**WHAT TO DO**: Please set down only the lines between the line containing "16 października  w" and the end of the records, inclusive, exactly as they stand.

=====

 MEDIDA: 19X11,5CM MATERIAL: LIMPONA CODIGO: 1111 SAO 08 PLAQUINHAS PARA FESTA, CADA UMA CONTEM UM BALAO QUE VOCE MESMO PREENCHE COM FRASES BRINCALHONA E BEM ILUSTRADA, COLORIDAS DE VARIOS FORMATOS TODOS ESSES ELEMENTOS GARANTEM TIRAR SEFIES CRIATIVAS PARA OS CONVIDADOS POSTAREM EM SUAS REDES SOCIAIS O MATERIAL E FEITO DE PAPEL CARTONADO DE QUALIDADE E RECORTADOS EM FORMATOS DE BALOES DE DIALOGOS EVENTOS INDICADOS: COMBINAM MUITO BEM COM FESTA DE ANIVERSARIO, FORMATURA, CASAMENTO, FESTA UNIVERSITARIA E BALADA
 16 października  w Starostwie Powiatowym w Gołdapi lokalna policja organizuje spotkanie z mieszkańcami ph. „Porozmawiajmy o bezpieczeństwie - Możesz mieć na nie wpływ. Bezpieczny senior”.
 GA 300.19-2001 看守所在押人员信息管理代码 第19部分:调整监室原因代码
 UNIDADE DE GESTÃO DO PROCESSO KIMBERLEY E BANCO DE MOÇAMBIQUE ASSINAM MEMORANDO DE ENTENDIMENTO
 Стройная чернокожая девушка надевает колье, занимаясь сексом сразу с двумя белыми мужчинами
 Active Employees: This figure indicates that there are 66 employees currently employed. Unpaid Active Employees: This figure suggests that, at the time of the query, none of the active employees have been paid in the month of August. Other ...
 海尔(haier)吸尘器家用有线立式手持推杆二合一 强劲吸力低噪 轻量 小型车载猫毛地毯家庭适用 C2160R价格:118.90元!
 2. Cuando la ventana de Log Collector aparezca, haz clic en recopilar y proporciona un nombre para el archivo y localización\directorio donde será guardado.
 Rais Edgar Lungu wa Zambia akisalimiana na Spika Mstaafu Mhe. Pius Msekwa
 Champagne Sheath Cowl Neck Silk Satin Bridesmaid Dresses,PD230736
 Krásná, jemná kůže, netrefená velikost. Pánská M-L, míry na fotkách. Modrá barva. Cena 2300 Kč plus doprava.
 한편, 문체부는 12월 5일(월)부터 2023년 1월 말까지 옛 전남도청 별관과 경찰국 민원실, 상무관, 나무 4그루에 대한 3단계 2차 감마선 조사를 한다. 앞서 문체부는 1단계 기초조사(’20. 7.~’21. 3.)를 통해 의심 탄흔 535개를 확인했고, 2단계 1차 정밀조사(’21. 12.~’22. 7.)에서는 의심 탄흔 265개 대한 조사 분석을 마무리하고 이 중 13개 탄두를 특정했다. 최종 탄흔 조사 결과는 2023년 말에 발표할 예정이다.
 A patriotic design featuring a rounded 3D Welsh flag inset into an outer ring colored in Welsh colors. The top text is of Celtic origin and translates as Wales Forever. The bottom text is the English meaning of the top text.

=====

**FINISHED EXERCISE**:
 16 października  w Starostwie Powiatowym w Gołdapi lokalna policja organizuje spotkanie z mieszkańcami ph. „Porozmawiajmy o bezpieczeństwie - Możesz mieć na nie wpływ. Bezpieczny senior”.
 GA 300.19-2001 看守所在押人员信息管理代码 第19部分:调整监室原因代码
 UNIDADE DE GESTÃO DO PROCESSO KIMBERLEY E BANCO DE MOÇAMBIQUE ASSINAM MEMORANDO DE ENTENDIMENTO
 Стройная чернокожая девушка надевает колье, занимаясь сексом сразу с двумя белыми мужчинами
 Active Employees: This figure indicates that there are 66 employees currently employed. Unpaid Active Employees: This figure suggests that, at the time of the query, none of the active employees have been paid in the month of August. Other ...
 海尔(haier)吸尘器家用有线立式手持推杆二合一 强劲吸力低噪 轻量 小型车载猫毛地毯家庭适用 C2160R价格:118.90元!
 2. Cuando la ventana de Log Collector aparezca, haz clic en recopilar y proporciona un nombre para el archivo y localización\directorio donde será guardado.
 Rais Edgar Lungu wa Zambia akisalimiana na Spika Mstaafu Mhe. Pius Msekwa
 Champagne Sheath Cowl Neck Silk Satin Bridesmaid Dresses,PD230736
 Krásná, jemná kůže, netrefená velikost. Pánská M-L, míry na fotkách. Modrá barva. Cena 2300 Kč plus doprava.
 한편, 문체부는 12월 5일(월)부터 2023년 1월 말까지 옛 전남도청 별관과 경찰국 민원실, 상무관, 나무 4그루에 대한 3단계 2차 감마선 조사를 한다. 앞서 문체부는 1단계 기초조사(’20. 7.~’21. 3.)를 통해 의심 탄흔 535개를 확인했고, 2단계 1차 정밀조사(’21. 12.~’22. 7.)에서는 의심 탄흔 265개 대한 조사 분석을 마무리하고 이 중 13개 탄두를 특정했다. 최종 탄흔 조사 결과는 2023년 말에 발표할 예정이다.
 A patriotic design featuring a rounded 3D Welsh flag inset into an outer ring colored in Welsh colors. The top text is of Celtic origin and translates as Wales Forever. The bottom text is the English meaning of the top text.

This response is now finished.